Acostumbrados a los escándalos desde el inicio de su relación, Eugenia "la China" Suárez y Mauro Icardi siguen adelante con su vida, ajenos -al parecer- a los rumores que los vuelven a tener en el centro de la escena tras la aparición de una joven que asegura que el futbolista quiso besarla en el vip de un boliche, ante un descuido de la actriz.
Anoche, la China y Mauro estuvieron con su familia ensamblada en el club de rugby San Patricio, donde Rufina, la hija de Eugenia con Nicolás Cabré, juega al hockey. En esta ocasión fueron fotografiados en el bufet del lugar, a diferencia de lo ocurrido el pasado 13 de junio cuando se los vio en las gradas junto a Francesca e Isabella, las hijas del deportista y Wanda Nara. En dicha oportunidad también fueron de la partida Cabré y su esposa, Rocío Pardo.
El plan familiar transcurrió en paralelo al escándalo que se desató esta semana con la irrupción en los medios de Ekaterina Ojeda, una joven de 22 años que afirmó que Icardi le regaló varios elogios y quiso besarla ante un descuido de Eugenia, en el VIP del boliche Tequila.

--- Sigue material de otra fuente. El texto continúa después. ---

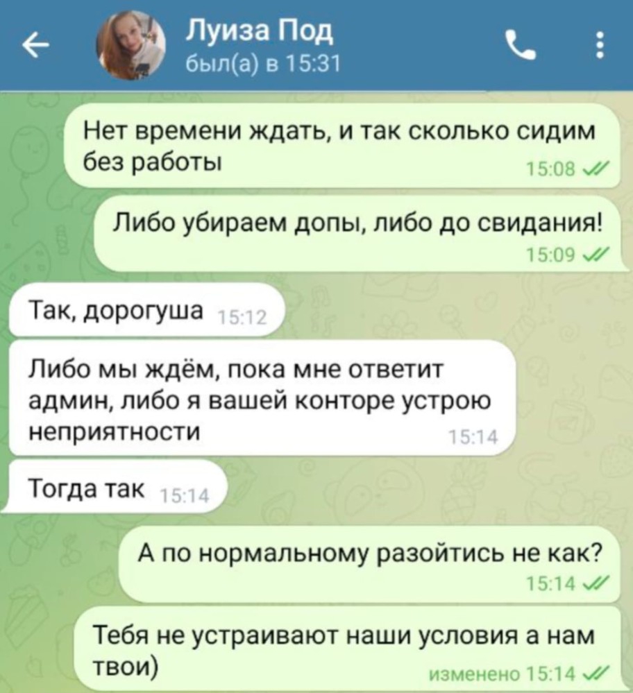 >>10422827 Ну сначала что я пиздабол и не был у нее. И ватсап написывала. Все как обычно. И не вводи в заблуждении гостей(клиентов). Причем все по факту написал, что курит, про возраст. Заебывала я ей мол уточни все у нее. Она когда все выяснила ответила что у девочки были проблемы удали милый) нехуя себе я полную стоимость оплатить а получил лишь половину услуг. Акаунт у меня старый был. Ебанул на все 3 ее анкеты. У как же потом у нее анкеты без отзывов висели вангую мне поверили а не всяким васянам которые начали ходить втом году и оценки липовые ставить. Через месяц все анкеты снесли. Мб она завязала хз.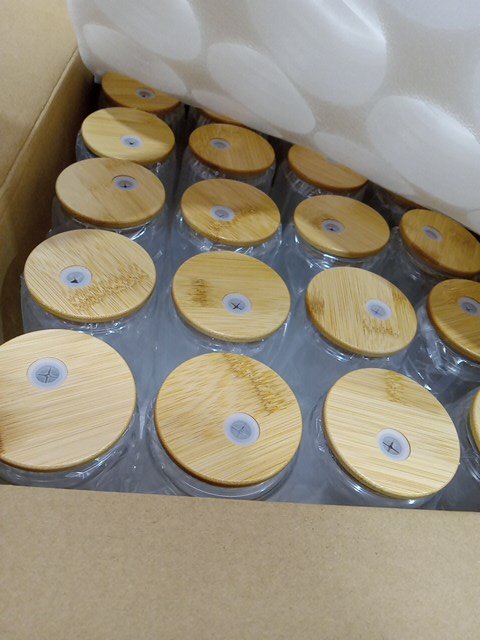 40pk drinking glass with bamboo lids and straws - 16oz- clear

Testigos afirman que cuando la ex Casi Ángeles tomó conocimiento de la situación, habría intentado agredirla. Si bien esto fue desmentido por la joven, sí confirmó que se generó una tensa situación entre ambas por lo que decidió retirarse del lugar.
Hija de madre rusa y egresada del colegio Bede´s Grammar School de Pilar, Ekaterina vive en Benavidez y actualmente estudia Diseño Industrial en la UBA.